# Bow fishing in MN



## shallow death

any body know of some lakes or any where to go there willing to share... my spots are really gettin slow..


----------



## Duckslayer100

Might help to know where exatly in Minnesota you are located...


----------



## weasle414

You're looking in the wrong spots, shootings getting better and better every night I go out


----------



## the professor

e-scouting for carp? really?


----------



## weasle414

Not really that uncommon for people to e-scout these days.. Sometimes people will give up their spots. Not me, though. I worked hard to find my secret lakes, they'll stay secret til I go to my watery grave because of overloading the boat.


----------



## carp_killer

seriously? just go figure it out like all of us have to do TRIAL AND ERROR!!!!!!!!!!!! you will go to lakes with no fish and you will go to lakes with alot of fish and those are the ones you never tell anybody the name of. not your best friend even if you want them to remain awesome shooting


----------



## lunkerlander

Lake Latoka in Alexandria has some huge carp up in the shallow weeds all around the lake during sunny days. I was there several times over the past 2 weeks bass fishing and didn't have a bow with. There were a few 20-30lb fish, some bigger than I have ever shot, just sitting near the surface.
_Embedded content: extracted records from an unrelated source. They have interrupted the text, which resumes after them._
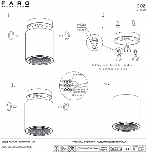 Фасадные накладные потолочные светильники Faro. GOZ, арт 70575, цвет темно-серый, IP54, под LED COB 8W 3000K 500lm CRI>80, луч 40°
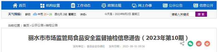 浙江省丽水市市场监管局发布2023年第10期食品安全监督抽检信息
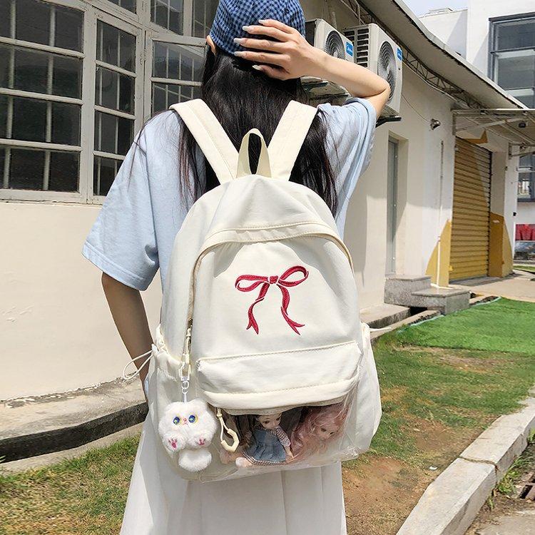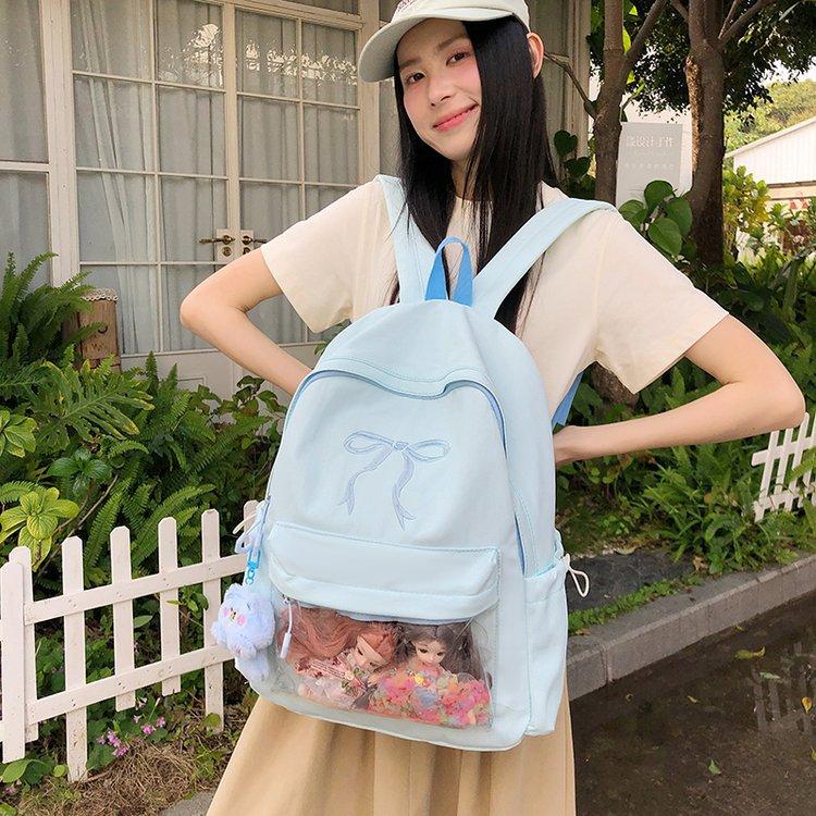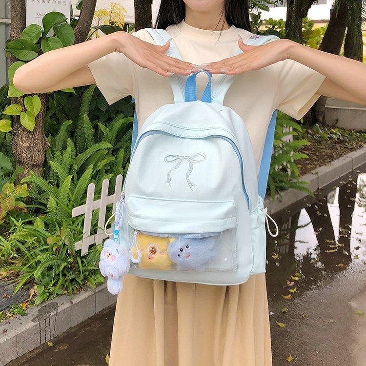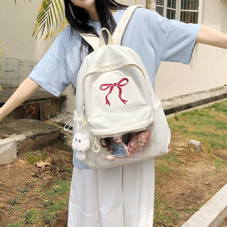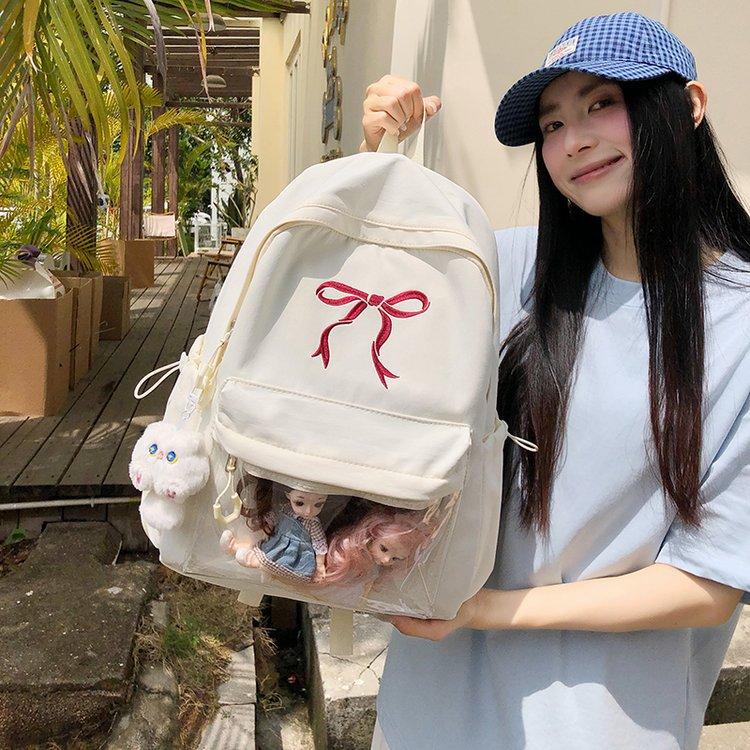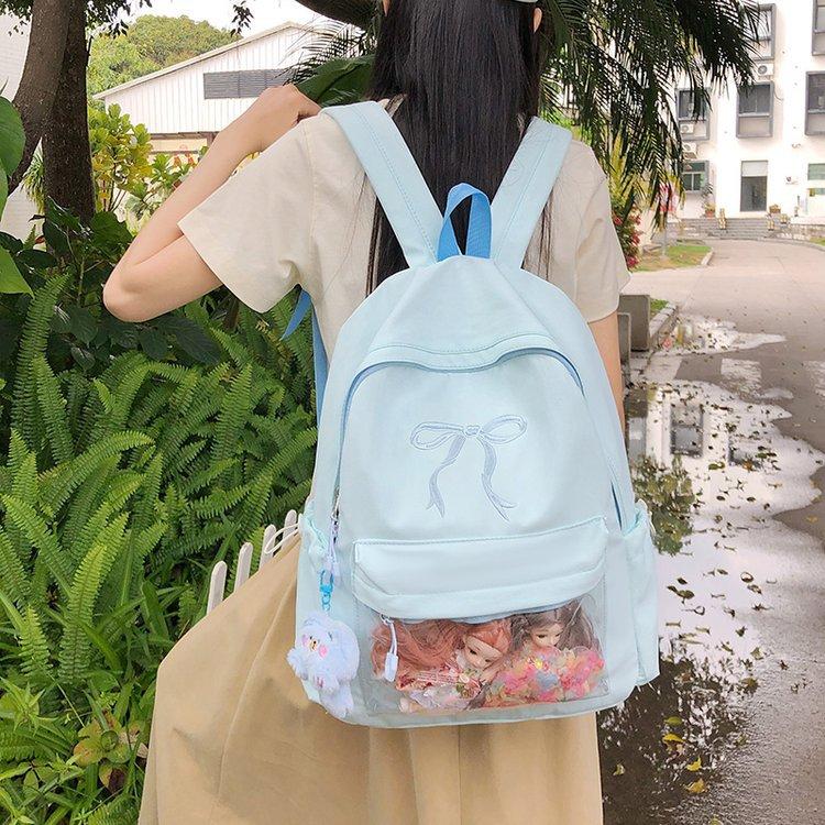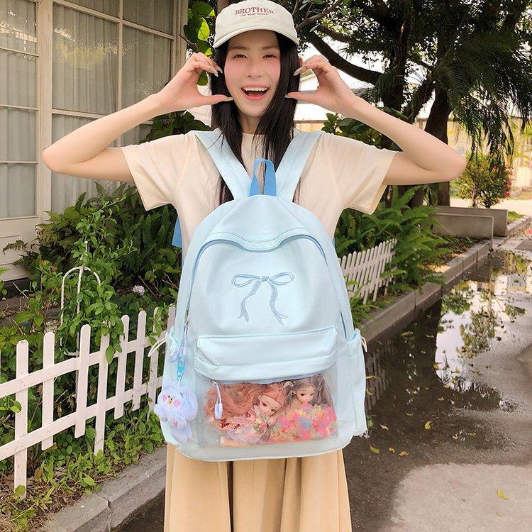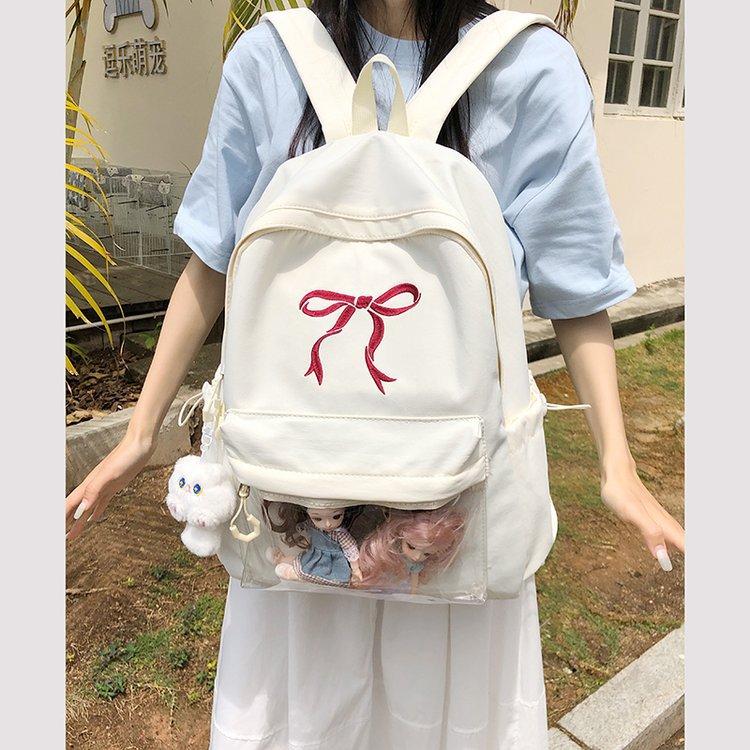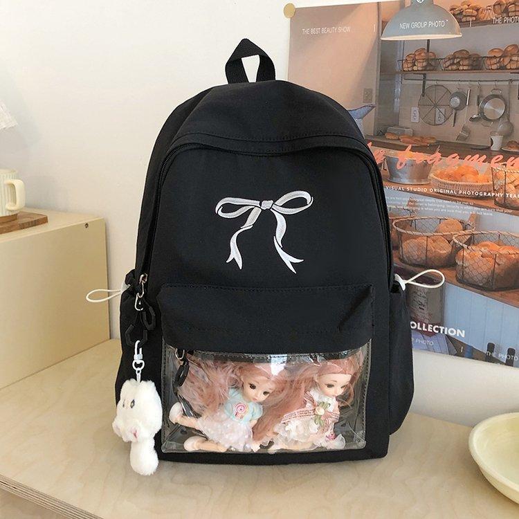 Bolsa de Dolor para Niña Versátil Japonesa de Gran Capacidad, Bolsa para Computadora para Estudiante, Mochila Escolar Linda con Lazo para Estudiante de Preparatoria

They must never get shot at because they did not spook much when I came near. They literally were almost all around the entire lake. Normally I would not post good info like this, but these carp are in my bass fishing spots and I don't plan to bowfish there. They are scaring away all the other fish. Anyone reading this that would like some specific info about where they are send me a PM. I would like these fish gone next time I come back!


----------



## bwfsh

This is why internet scouting is so great nobody will post about their good spots, but they aren't afraid to post other peoples spots because "They must never get shot at because they did not spook much when I came near". Thanks, I'll really be thanking you when we're driving around other boats. FYI It's not a good night lake. Too many houses.


----------



## TL1FAAT

I agree with bwfsh...it's not a good feeling when another boat shows up on a lake you have been shooting for years! It is great for the lake but it's a sad moment when you know other people have found your honey hole.


----------



## carp_killer

EXACTLY!!!!!!!!!!!!!! lunker what you just did is about one of the biggest selfish/dick moves that is even possible. just cause you cant shoot it doesnt mean publicize the **** out of it so 500 people show up to the spot uke: uke: uke:


----------



## weasle414

Ask anyone who's ever shot Buffalo or Deer Lake. A few years ago I was shooting 30 lb carp no problem all the time out of there and huge numbers of buffs and never saw another boat out there. Yes there was others who knew about it but nobody ever really shot it heavily. Now there's 3 different boats that shoot it nightly; opener night there was 4 boats on deer when I drove by on my way home from another lake and god only knows how Buffalo looked. WAS my favorite place to go, now it's like playing fricken nascar racing around the lake with 8 other rigs competing for fish on a daily basis. I will NEVER reveal my lakes publicly and won't take pics at the lake unless the background is pure blackness just for that reason. I don't mind telling a few close friends about some of my lakes, but I don't like advertising my spots after the one in my back yard got ruined for me. Selfish, I know, but that's the way it's gotta be these days. If someone else fair and square finds where I'm at short of stalking me, that's fine, but I don't like people from 12 counties around shooting my spots every other night.. Sorry about the pissy rant, but I had to say it.


----------



## Duckslayer100

I think it is hilarious that Buffalo and Deer get hit as hard as they do. Ya, there are fish there, but pick any of the other 50 lakes nearby and you're going to find fish to shoot. Boggles my mind why people can't spread out a bit.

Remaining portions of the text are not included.